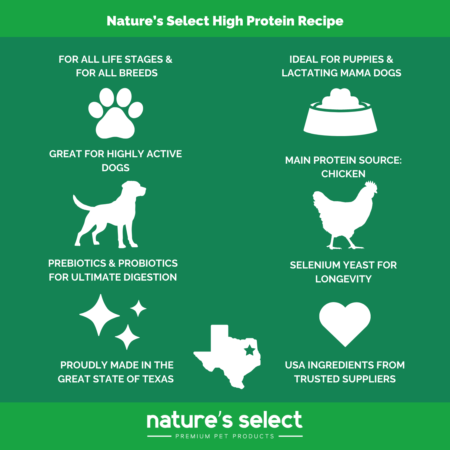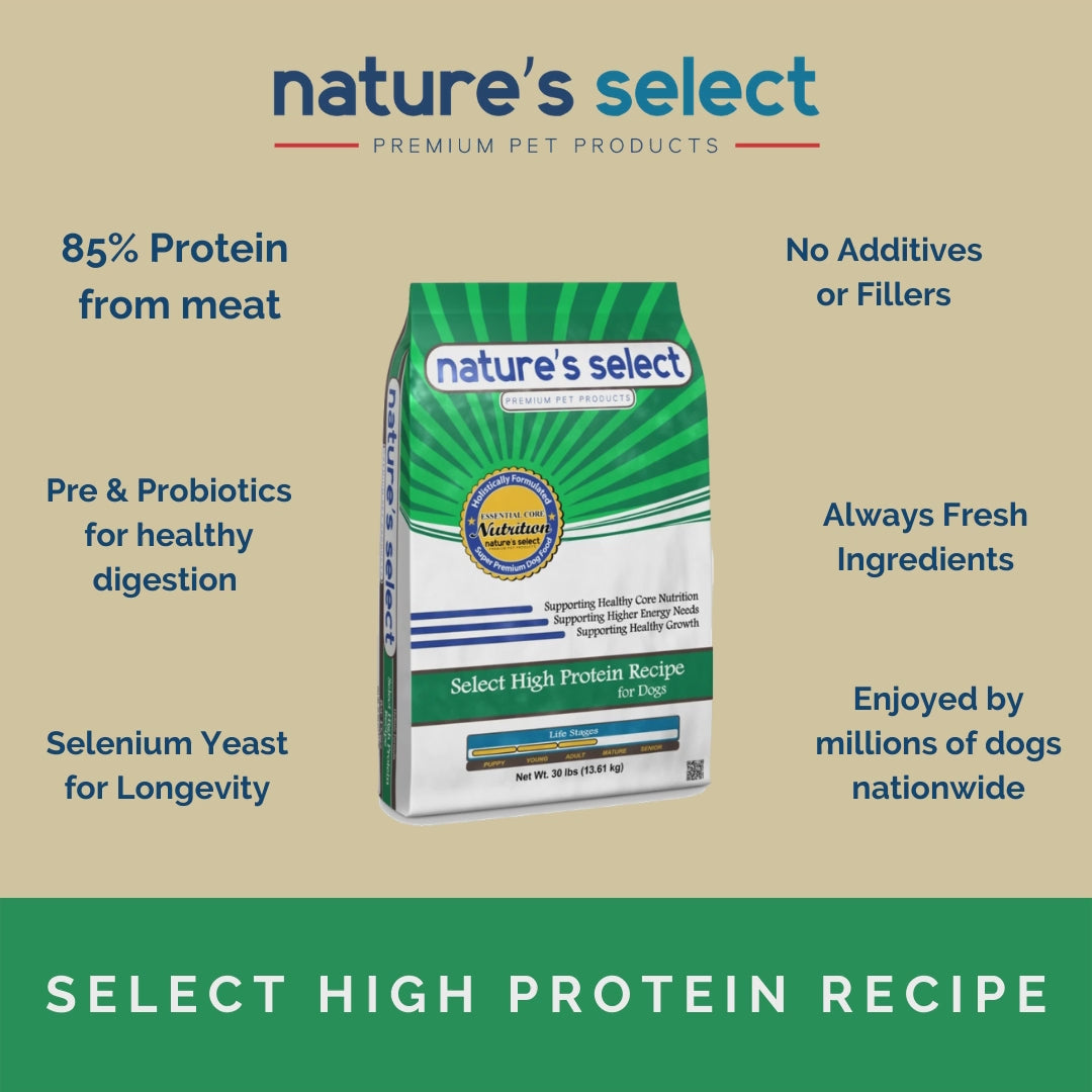 Nutritional Adequacy Statement Nature's Select, Select High Protein Recipe for Dogs is formulated to meet the nutritional levels established by the AAFCO Dog Food Nutrient Profiles for All Life Stages, including growth of large size dogs (70 lbs. or more as an adult)
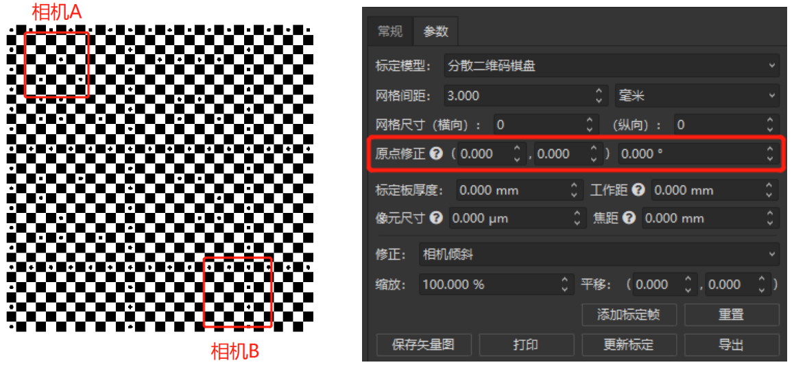如上圖所示,用戶通過(guò)輸入網(wǎng)格間距、尺寸、原點(diǎn)修正等信息,可以將多個(gè)相機(jī)標(biāo)定在同一坐標(biāo)系內(nèi),實(shí)現(xiàn)多個(gè)相機(jī)的聯(lián)合標(biāo)定,從而計(jì)算出兩個(gè)相機(jī)內(nèi)任意兩點(diǎn)或者其他特征的距離。
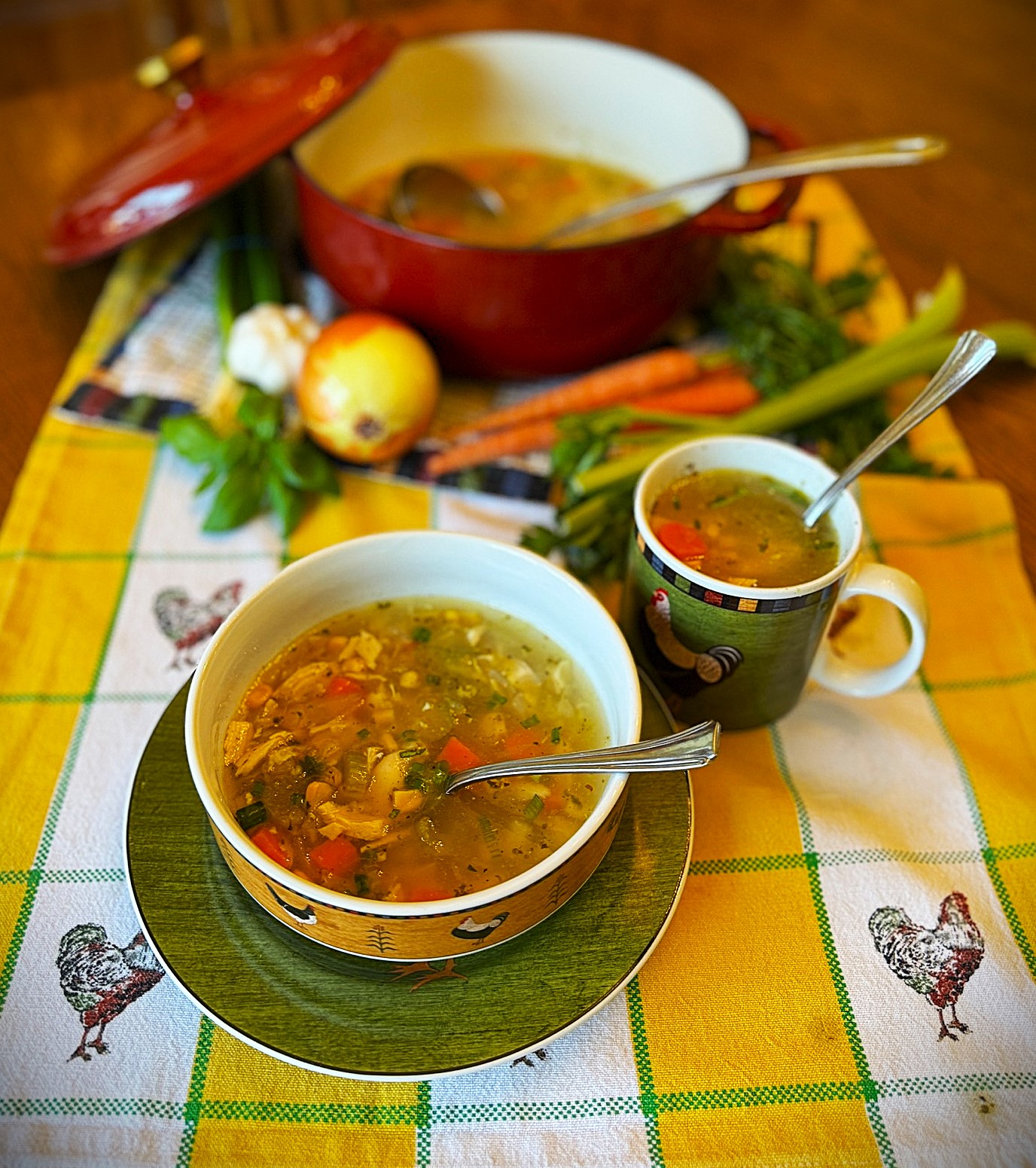 This post isn’t as much a recipe as a process. The beauty of soup is that it can be made from whatever you have on hand. That’s what I did a month ago, when I had friends over for a holiday gathering. I was running behind and threw together a chicken veggie soup in about 15 minutes. I had so many compliments on my quickie soup that I realized it would make the perfect Daytime TV segment.
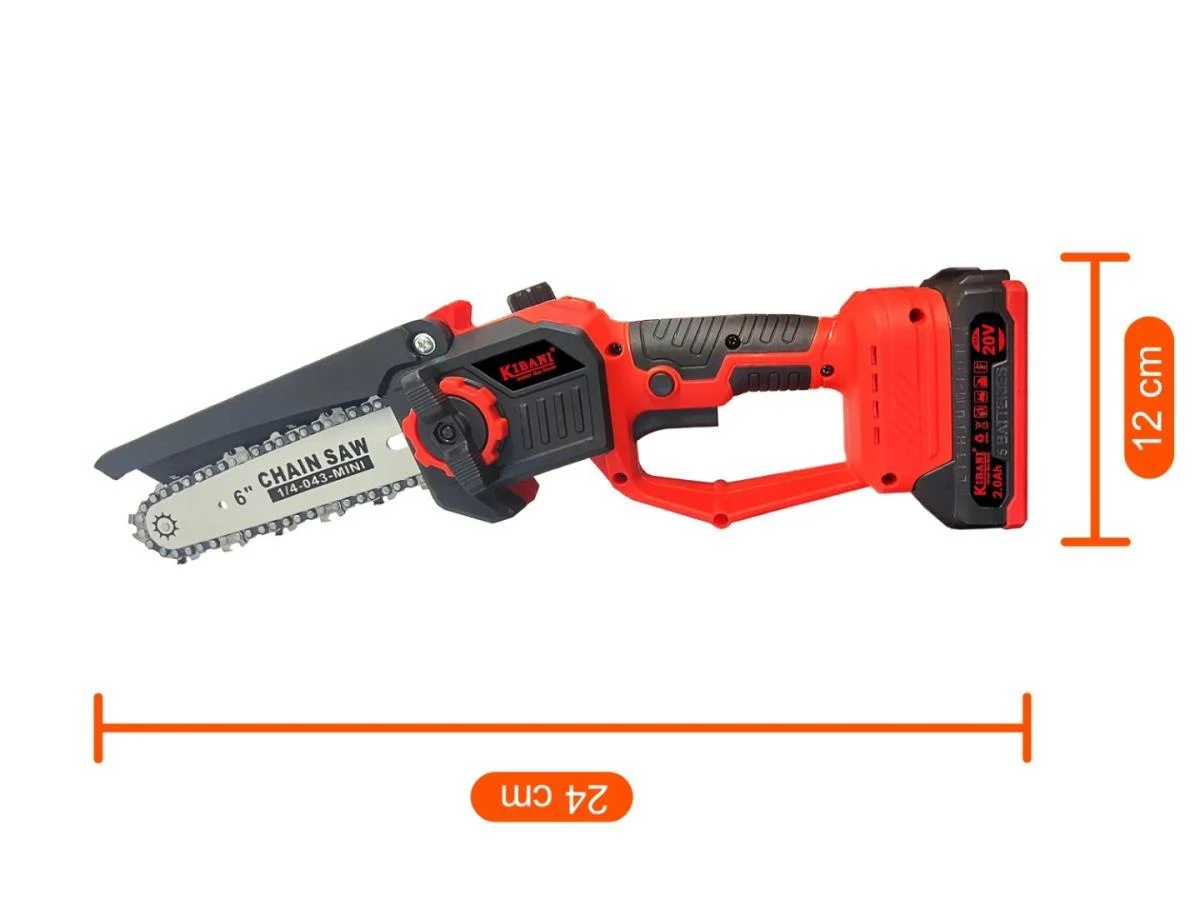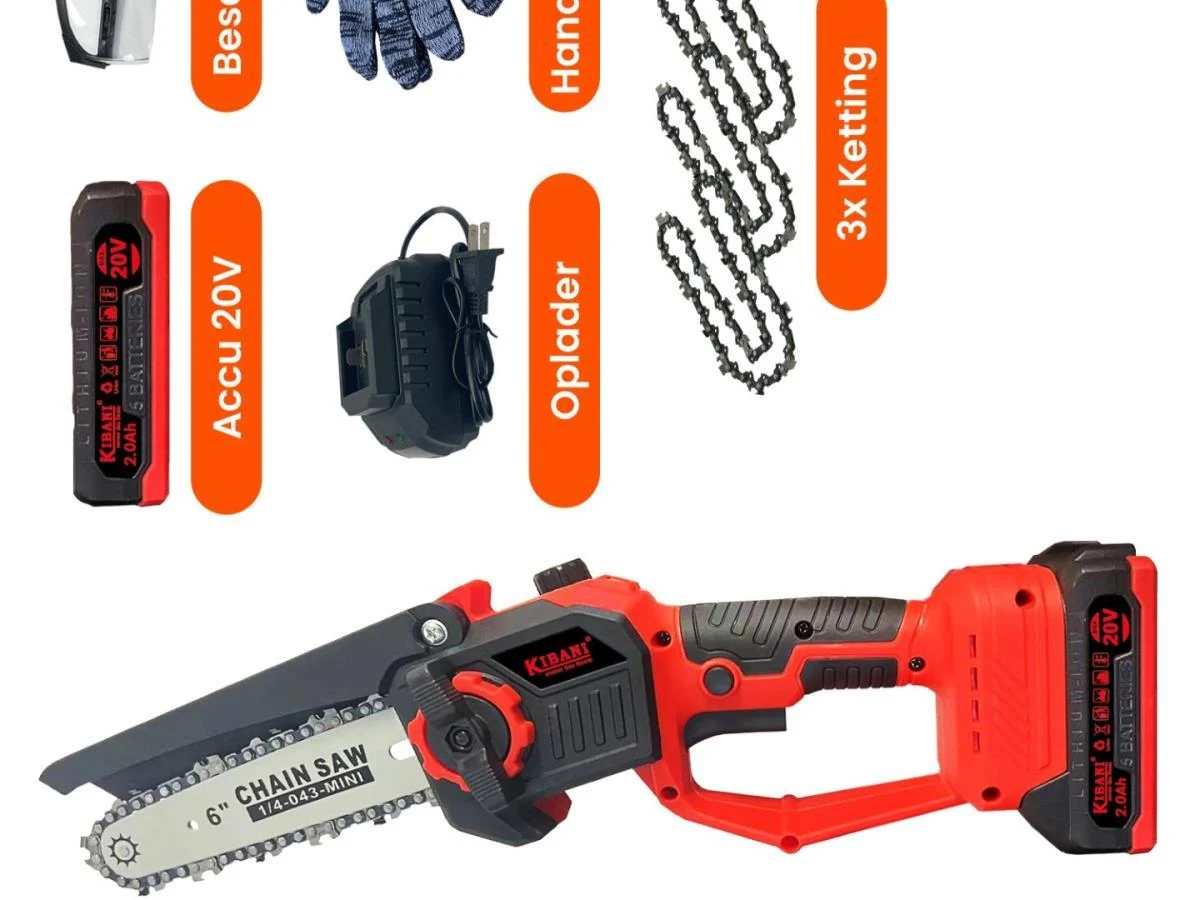 Kibani Accu Takkenzaag - Elektrische Zaag - Draadloos - Inclusief Accesoires - Mini Kettingzaag - 15 cm - Met Opbergkoffer, Omvang (B x H): 12cm x 24cm Display: Ja Meegeleverde accu: Ja Zaag snelheid: 8 M/s Verstelbaar: Ja

> _PROBLEM DESCRIPTION_: In your copy of the listing, please omit the pictures and keep every word exact.

> _EXPECTED OUTPUT_:
 Nutritional Adequacy Statement Nature's Select, Select High Protein Recipe for Dogs is formulated to meet the nutritional levels established by the AAFCO Dog Food Nutrient Profiles for All Life Stages, including growth of large size dogs (70 lbs. or more as an adult)
如上圖所示,用戶通過(guò)輸入網(wǎng)格間距、尺寸、原點(diǎn)修正等信息,可以將多個(gè)相機(jī)標(biāo)定在同一坐標(biāo)系內(nèi),實(shí)現(xiàn)多個(gè)相機(jī)的聯(lián)合標(biāo)定,從而計(jì)算出兩個(gè)相機(jī)內(nèi)任意兩點(diǎn)或者其他特征的距離。
 This post isn’t as much a recipe as a process. The beauty of soup is that it can be made from whatever you have on hand. That’s what I did a month ago, when I had friends over for a holiday gathering. I was running behind and threw together a chicken veggie soup in about 15 minutes. I had so many compliments on my quickie soup that I realized it would make the perfect Daytime TV segment.
 Kibani Accu Takkenzaag - Elektrische Zaag - Draadloos - Inclusief Accesoires - Mini Kettingzaag - 15 cm - Met Opbergkoffer, Omvang (B x H): 12cm x 24cm Display: Ja Meegeleverde accu: Ja Zaag snelheid: 8 M/s Verstelbaar: Ja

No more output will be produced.